Foresight's the only distro I know of that uses it. I like what the Foresight guys are doing (
conary for software management, all the latest GNOME stuff, brilliant mono programs beagle and f-spot, hal and avahi... Damn I really must get
using it (even though I tend not to like newbie-stuff)).
Is that related to the projects to use makefiles for the init procedures? I read about those... lightning fast.
Hm, makefiles, that sounds like a cool idea. initng doesn't use makefiles, here's a sample config file for starting/stopping samba:
service daemon/samba/smbd {
need = system/initial system/mountroot virtual/networking
daemon = /usr/sbin/smbd
daemon_args = -F
}
service daemon/samba/nmbd {
need = system/initial system/mountroot virtual/networking
daemon = /usr/sbin/nmbd
daemon_args = -F
}
service daemon/samba {
also_stop = daemon/samba/smbd daemon/samba/nmbd
need = daemon/samba/smbd daemon/samba/nmbd
}
Using makefiles would be cool. Mightn't make it faster (they're the same kinda idea), but it'd be cool.
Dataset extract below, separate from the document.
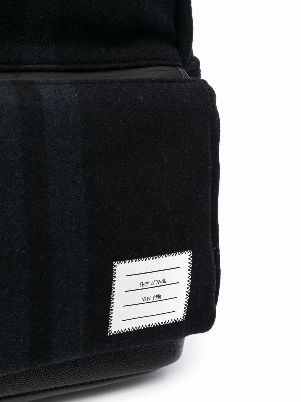 Combining function and sleek style, this Thom Browne backpack boasts a spacious main compartment and versatile black colourway, whilst signature red, white and blue stripes add bold detailing to the piece.
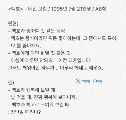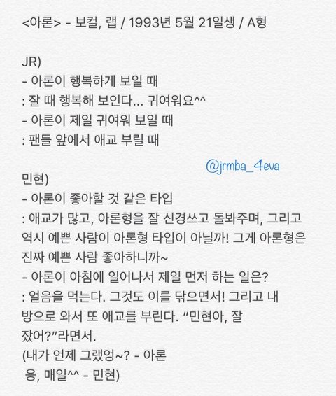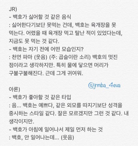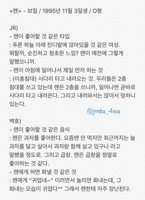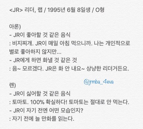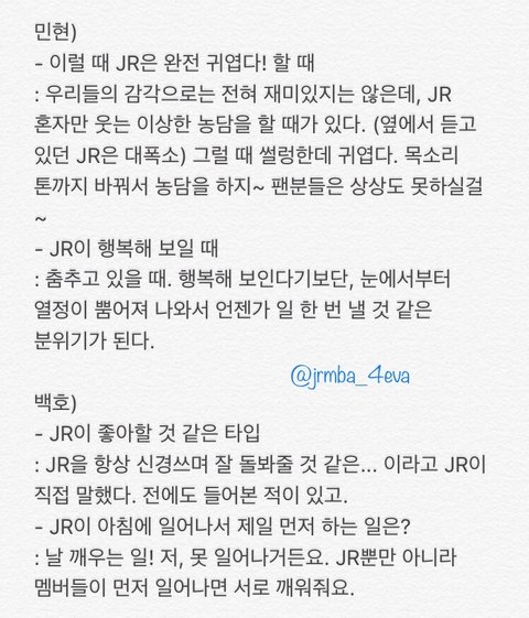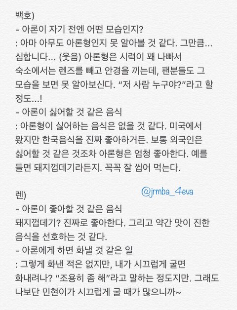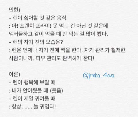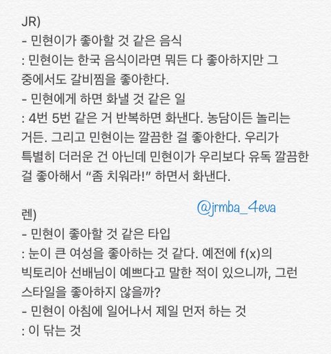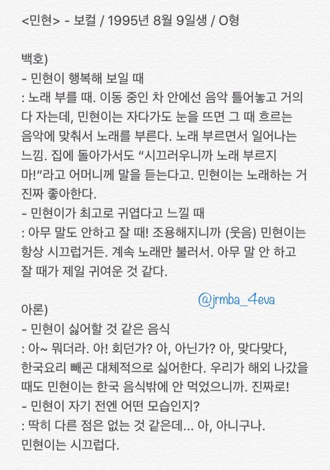 다른 멤버에 대한 질문을 답변하는 형식이야

Have you used it PiratePenguin?
Yup.
I don't think boot-speed is all that important. But any GNU/Linux user that does can just optimize their init scripts or use initng (I use initng myself. I just decided to try it and now I couldn't be fucked changing it (nothing wrong with the way it is). It boots in about the same time as the usual sysvinit (six seconds when I last compared (which was before I had much stuff starting at boot)) because I start so little stuff at boot.
Still using it. Version 0.3.3. They're up to 0.6.0 now so I'll install that, set it up to start apache, mysql and everything else I want (something I intended on doing around now anyhow) and then try the same stuff with the old init (which I kept), and report back.
I tried it on FC5 on my laptop ... it's like driving a McLaren F1 into brick wall. Tons of fatal errors ... ending in "Failed to load X-Server"
I'm not too surprised. You'd need to configure the thing... Like the file they distribute for starting xdm (the X display manager) loads it from /usr/bin/xdm, xdm could be in /usr/X11R6/bin/ on your system.
I also noticed just starting to compile the new version you can configure it to have/not to have SELinux support.
Is it compatible with Ubuntu?
Sure. You might need to do some manual configuring though. They've got
a page about installing on Debian/Ubuntu. Doesn't look increadibly reliable, but it's a starting place.